_How to complete this task_. Copy the data that follows exactly. Include no pictures.

_Material provided_.
################
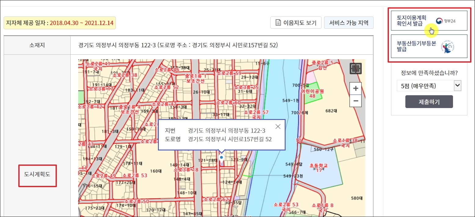 ▼가장 먼저 나오는 것은 앞에서 본 적이 있는 도시계획도 입니다. 지번과 도로명 주소, 그리고 여러 시설에 대한 정보로 구성되어 있습니다. (참고로 해당 화면 우측 상단에 보면 토지이용계획 확인서 발급과 부동산등기부 등본을 발급 받을 수 있는 메뉴가 있습니다.)
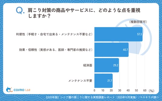 「利便性(手軽さ・自宅で出来る・メンテナンス不要など)」(57.3%)が最も重視され、「効果・信頼性(実感がある、医師・専門家の推奨など)」(40.7%)が続きました。「経済面」(29.2%)も一定数見受けられました。
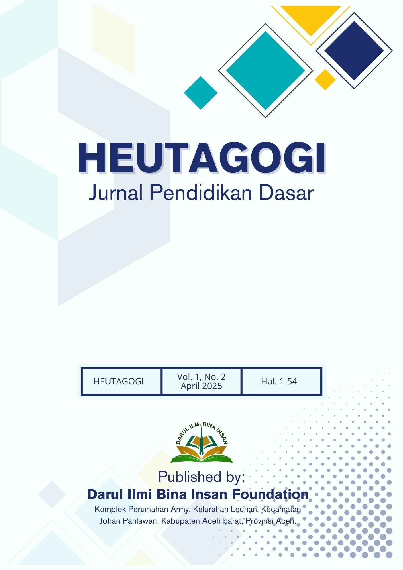 Vol. 1 No. 1 (2025)HEUTAGOGI: Jurnal Pendidikan Dasar dengan bangga telah menerbitkan Volume 1 Nomor 1 (April 2025) yang memuat beragam karya hasil penelitian dari para peneliti, dosen, dan mahasiswa dari berbagai daerah di Indonesia. Edisi ini merepresentasikan semangat kolaboratif dalam karya ilmiah sebagai wujud kecintaan terhadap penelitian dan publikasi.
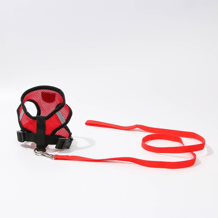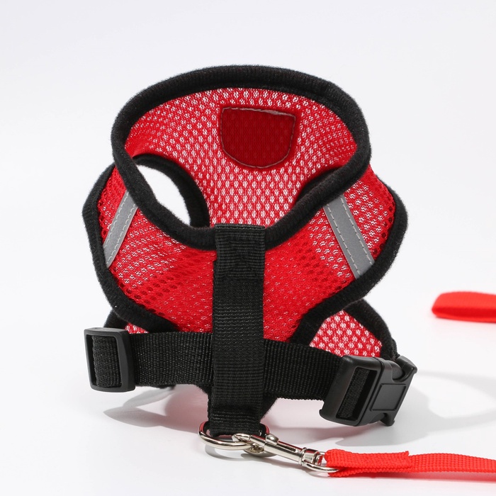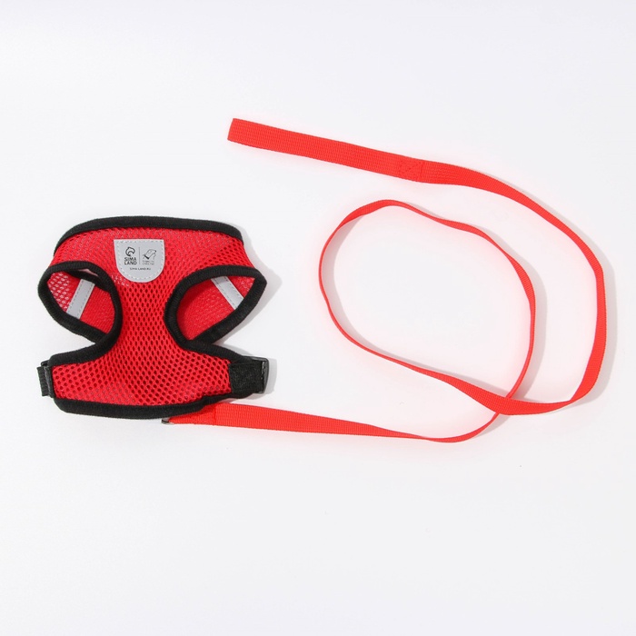 Шлейка дышащая с поводком и светоотражающей нашивкой, M, ОШ 33, ОГ 32-43, красная
################
_Result_.
 ▼가장 먼저 나오는 것은 앞에서 본 적이 있는 도시계획도 입니다. 지번과 도로명 주소, 그리고 여러 시설에 대한 정보로 구성되어 있습니다. (참고로 해당 화면 우측 상단에 보면 토지이용계획 확인서 발급과 부동산등기부 등본을 발급 받을 수 있는 메뉴가 있습니다.)
 「利便性(手軽さ・自宅で出来る・メンテナンス不要など)」(57.3%)が最も重視され、「効果・信頼性(実感がある、医師・専門家の推奨など)」(40.7%)が続きました。「経済面」(29.2%)も一定数見受けられました。
 Vol. 1 No. 1 (2025)HEUTAGOGI: Jurnal Pendidikan Dasar dengan bangga telah menerbitkan Volume 1 Nomor 1 (April 2025) yang memuat beragam karya hasil penelitian dari para peneliti, dosen, dan mahasiswa dari berbagai daerah di Indonesia. Edisi ini merepresentasikan semangat kolaboratif dalam karya ilmiah sebagai wujud kecintaan terhadap penelitian dan publikasi.
 Шлейка дышащая с поводком и светоотражающей нашивкой, M, ОШ 33, ОГ 32-43, красная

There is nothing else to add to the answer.